Elvin C. Fontenot, Jr., Leesville, Bonita Preuett-Armour, Alexandria, for respondent.

WEIMER, Justice.

This matter is before the court following the denial of a motion for summary judgment in the trial court and denial of a writ of certiorari in the court of appeal. We granted certiorari in order to determine the propriety of those actions. Jones v. Estate of Santiago, 03-1424 (La.10/10/03), 855 So.2d 346. For reasons that follow, we reverse the lower court judgments and enter summary judgment in favor of State Farm Fire & Casualty Company (State Farm).


This case involves determining whether the shooting death of a wife and mother was intentional or accidental.

Davy Jones and his wife, Annissa, had been estranged for a period of several months. During that time she moved into the home of Eliud Santiago. Two days before the tragic shooting, Annissa and Davy reconciled and she agreed to move back to the Jones household. At some point, that decision was conveyed to Eliud Santiago. Annissa, accompanied by her then eight year old daughter, Kaitly1, went to the Santiago home to retrieve some clothing and personal belongings. While the two were at the Santiago residence a series of events unfolded. In the end, Kaitly was the only survivor.

Eliud Santiago took his own life with a single gunshot to the head. Prior to shooting himself, Santiago shot Annissa Jones as well as his two young daughters. All of the victims died of gunshot wounds to the head.

Davy Jones filed suit to recover damages sustained on behalf of himself and his minor children as a result of the death of Annissa Jones, his wife and the mother of his children. The petition alleges that on or about June 20, 1999, Eliud Santiago, for unknown reasons, shot and killed Annissa Jones before shooting himself. The petition further alleges the death of Annissa Jones was caused by the negligence of Eliud Tony Santiago in (a) firing a firearm and striking Annissa Jones causing her death, (b) an intentional battery which resulted in the death of the minor children's mother, and (c) discharging a firearm in a negligent or reckless manner. Named as defendants were the Estate of Eliud Tony Santiago and State Farm Insurance Company,2 the insurer providing homeowner's insurance coverage to Eliud Santiago.

State Farm filed a motion for summary judgment seeking to have plaintiffs' claim dismissed on the basis that the killing of Annissa Jones was not a covered occurrence under the insurance policy issued to Eliud Santiago and was specifically excluded by the intentional act exclusion.

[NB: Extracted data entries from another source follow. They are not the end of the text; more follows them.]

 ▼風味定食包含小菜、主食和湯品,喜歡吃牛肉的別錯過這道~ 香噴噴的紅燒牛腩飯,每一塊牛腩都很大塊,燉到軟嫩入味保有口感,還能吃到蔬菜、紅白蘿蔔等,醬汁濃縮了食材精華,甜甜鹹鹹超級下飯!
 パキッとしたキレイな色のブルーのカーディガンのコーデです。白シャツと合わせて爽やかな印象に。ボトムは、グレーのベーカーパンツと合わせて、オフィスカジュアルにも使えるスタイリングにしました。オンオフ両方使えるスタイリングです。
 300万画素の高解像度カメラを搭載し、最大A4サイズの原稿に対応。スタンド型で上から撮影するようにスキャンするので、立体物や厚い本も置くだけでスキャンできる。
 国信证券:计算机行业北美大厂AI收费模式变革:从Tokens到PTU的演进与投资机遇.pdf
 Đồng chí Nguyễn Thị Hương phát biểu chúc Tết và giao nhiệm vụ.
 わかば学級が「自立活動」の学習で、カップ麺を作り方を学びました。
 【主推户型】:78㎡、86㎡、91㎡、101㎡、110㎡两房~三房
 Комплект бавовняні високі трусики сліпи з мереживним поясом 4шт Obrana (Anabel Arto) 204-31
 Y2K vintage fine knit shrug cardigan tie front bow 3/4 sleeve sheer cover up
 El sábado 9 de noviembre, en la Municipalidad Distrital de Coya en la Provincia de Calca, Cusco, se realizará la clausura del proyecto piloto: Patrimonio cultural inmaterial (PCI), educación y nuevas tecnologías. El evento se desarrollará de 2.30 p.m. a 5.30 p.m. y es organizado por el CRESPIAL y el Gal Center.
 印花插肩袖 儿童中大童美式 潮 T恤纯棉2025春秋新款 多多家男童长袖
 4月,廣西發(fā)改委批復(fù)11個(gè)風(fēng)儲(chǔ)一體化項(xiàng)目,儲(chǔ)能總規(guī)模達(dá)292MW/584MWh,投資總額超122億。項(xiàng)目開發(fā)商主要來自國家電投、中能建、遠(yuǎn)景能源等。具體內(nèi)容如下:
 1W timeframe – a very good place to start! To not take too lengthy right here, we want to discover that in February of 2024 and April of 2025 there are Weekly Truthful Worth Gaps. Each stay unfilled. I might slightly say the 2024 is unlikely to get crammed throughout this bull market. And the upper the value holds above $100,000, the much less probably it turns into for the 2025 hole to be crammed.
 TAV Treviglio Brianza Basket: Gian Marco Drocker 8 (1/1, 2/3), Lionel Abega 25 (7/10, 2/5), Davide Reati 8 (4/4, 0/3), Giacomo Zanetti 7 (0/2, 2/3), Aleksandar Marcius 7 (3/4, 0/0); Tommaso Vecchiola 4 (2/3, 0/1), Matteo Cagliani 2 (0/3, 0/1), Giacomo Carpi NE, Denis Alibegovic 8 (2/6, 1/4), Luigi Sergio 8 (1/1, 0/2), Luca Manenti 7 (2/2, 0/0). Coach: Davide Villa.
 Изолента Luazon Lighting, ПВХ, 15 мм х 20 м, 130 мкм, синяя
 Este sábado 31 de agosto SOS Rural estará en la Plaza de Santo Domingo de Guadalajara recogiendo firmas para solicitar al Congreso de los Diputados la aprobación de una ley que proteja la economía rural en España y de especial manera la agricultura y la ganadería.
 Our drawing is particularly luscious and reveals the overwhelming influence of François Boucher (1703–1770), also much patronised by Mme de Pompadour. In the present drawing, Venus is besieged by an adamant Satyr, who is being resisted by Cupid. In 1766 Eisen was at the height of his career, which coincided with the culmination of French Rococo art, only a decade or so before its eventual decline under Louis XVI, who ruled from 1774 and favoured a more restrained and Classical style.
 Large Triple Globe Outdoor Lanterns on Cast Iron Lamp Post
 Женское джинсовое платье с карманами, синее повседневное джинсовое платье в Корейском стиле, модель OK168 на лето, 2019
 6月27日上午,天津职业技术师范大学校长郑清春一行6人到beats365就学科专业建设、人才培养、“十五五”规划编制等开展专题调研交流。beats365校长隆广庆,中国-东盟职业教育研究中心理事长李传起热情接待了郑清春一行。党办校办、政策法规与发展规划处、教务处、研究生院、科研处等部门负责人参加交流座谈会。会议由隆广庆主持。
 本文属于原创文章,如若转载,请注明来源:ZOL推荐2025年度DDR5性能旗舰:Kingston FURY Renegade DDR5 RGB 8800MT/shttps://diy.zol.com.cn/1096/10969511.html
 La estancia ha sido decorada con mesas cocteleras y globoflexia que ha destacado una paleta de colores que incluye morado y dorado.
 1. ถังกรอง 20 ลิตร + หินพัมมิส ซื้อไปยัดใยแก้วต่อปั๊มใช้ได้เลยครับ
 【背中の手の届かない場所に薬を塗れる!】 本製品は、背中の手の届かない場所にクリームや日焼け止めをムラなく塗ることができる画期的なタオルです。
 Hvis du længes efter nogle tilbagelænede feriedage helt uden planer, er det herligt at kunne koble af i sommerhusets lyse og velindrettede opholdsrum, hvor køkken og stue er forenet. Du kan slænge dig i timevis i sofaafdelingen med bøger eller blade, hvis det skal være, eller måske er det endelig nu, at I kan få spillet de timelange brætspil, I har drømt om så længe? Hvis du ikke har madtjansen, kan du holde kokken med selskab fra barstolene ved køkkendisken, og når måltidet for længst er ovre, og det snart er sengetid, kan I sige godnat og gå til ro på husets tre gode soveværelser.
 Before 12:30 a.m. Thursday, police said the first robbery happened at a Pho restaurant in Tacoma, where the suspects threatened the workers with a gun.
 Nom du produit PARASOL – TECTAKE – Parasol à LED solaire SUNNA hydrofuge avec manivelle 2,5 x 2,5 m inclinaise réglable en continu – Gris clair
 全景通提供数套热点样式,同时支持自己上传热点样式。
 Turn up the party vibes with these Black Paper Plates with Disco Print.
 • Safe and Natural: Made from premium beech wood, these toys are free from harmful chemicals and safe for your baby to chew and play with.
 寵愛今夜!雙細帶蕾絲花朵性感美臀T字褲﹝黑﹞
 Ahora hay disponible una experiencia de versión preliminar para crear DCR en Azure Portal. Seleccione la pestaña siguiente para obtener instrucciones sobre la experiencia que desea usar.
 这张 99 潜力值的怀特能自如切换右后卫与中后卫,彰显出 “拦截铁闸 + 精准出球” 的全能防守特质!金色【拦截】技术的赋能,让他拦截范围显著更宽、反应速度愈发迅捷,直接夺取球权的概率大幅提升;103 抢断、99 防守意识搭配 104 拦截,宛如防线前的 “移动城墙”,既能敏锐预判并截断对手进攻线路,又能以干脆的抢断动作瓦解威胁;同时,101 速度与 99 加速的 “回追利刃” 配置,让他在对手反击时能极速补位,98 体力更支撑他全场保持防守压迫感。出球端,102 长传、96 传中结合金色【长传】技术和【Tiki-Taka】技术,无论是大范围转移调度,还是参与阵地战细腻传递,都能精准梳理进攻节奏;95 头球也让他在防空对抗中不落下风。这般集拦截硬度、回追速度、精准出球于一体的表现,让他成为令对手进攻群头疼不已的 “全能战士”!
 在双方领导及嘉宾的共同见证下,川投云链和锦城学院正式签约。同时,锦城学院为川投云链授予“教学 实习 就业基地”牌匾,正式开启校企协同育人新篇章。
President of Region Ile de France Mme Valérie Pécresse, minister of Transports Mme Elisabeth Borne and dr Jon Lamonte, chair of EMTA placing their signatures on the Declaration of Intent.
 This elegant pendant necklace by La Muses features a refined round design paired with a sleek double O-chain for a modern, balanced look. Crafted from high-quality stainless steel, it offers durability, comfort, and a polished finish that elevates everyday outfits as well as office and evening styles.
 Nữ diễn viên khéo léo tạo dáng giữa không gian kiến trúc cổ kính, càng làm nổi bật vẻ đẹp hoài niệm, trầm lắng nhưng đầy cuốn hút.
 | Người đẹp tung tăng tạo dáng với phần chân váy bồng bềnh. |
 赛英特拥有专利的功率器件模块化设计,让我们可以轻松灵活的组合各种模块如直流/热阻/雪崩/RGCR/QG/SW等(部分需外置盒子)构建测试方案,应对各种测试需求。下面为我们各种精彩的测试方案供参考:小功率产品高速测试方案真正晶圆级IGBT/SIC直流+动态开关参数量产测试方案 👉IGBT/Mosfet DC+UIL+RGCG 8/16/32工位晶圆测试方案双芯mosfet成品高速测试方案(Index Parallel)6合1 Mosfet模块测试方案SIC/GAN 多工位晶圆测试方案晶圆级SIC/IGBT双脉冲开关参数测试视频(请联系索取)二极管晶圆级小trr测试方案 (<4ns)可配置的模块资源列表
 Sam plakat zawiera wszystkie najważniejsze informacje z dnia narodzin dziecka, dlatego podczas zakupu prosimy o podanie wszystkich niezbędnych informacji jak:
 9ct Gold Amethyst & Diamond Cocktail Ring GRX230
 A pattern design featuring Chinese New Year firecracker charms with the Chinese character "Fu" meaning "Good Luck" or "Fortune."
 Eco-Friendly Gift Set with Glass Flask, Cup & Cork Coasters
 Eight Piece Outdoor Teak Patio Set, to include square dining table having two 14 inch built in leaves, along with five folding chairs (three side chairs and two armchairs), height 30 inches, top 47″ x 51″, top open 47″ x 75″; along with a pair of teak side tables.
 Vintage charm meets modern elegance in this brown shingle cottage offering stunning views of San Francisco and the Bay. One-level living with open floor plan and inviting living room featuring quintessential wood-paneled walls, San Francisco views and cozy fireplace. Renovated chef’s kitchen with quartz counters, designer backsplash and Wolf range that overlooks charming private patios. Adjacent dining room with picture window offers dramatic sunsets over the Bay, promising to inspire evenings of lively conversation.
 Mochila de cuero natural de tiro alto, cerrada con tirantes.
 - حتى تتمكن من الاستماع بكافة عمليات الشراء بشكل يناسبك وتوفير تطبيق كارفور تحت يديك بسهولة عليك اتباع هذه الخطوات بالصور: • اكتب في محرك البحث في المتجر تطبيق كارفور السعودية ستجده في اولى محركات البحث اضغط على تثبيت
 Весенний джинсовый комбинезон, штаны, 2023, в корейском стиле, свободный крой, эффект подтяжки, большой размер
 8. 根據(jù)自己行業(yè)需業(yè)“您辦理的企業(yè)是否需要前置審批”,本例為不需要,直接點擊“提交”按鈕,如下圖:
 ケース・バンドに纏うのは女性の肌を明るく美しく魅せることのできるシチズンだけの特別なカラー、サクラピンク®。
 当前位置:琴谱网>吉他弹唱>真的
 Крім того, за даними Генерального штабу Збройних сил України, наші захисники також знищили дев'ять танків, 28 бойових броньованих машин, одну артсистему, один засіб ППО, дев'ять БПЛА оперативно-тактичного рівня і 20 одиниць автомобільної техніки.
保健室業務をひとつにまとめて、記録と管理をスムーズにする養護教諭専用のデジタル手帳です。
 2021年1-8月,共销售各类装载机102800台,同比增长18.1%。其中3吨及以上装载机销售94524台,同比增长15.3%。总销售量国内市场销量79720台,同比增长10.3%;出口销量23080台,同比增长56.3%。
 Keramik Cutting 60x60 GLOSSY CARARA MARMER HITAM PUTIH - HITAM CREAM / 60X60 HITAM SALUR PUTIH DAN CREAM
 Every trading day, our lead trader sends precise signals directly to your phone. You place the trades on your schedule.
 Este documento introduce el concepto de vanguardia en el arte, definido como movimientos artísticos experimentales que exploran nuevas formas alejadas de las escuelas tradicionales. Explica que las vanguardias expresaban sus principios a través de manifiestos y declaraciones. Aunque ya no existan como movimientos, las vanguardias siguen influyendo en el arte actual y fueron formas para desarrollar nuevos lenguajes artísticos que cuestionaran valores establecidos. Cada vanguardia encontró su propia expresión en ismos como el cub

In support of its motion, State Farm submitted a number of exhibits including selected pages of the deposition testimony of the plaintiff, Davy Jones, as well as selected pages of the depositions of two officers employed by the Vernon Parish Sheriff's office who conducted an investigation at the scene of the shooting. State Farm also submitted a certified copy of the policy of insurance issued to Eliud Santiago arguing that the exclusion contained therein applies to the facts of this case.3 In a supplemental memorandum in support of its motion for summary judgment, State Farm submitted selected passages from the deposition of Dr. Terry Welke, the Calcasieu Parish Coroner who conducted the autopsy on three of the decedents.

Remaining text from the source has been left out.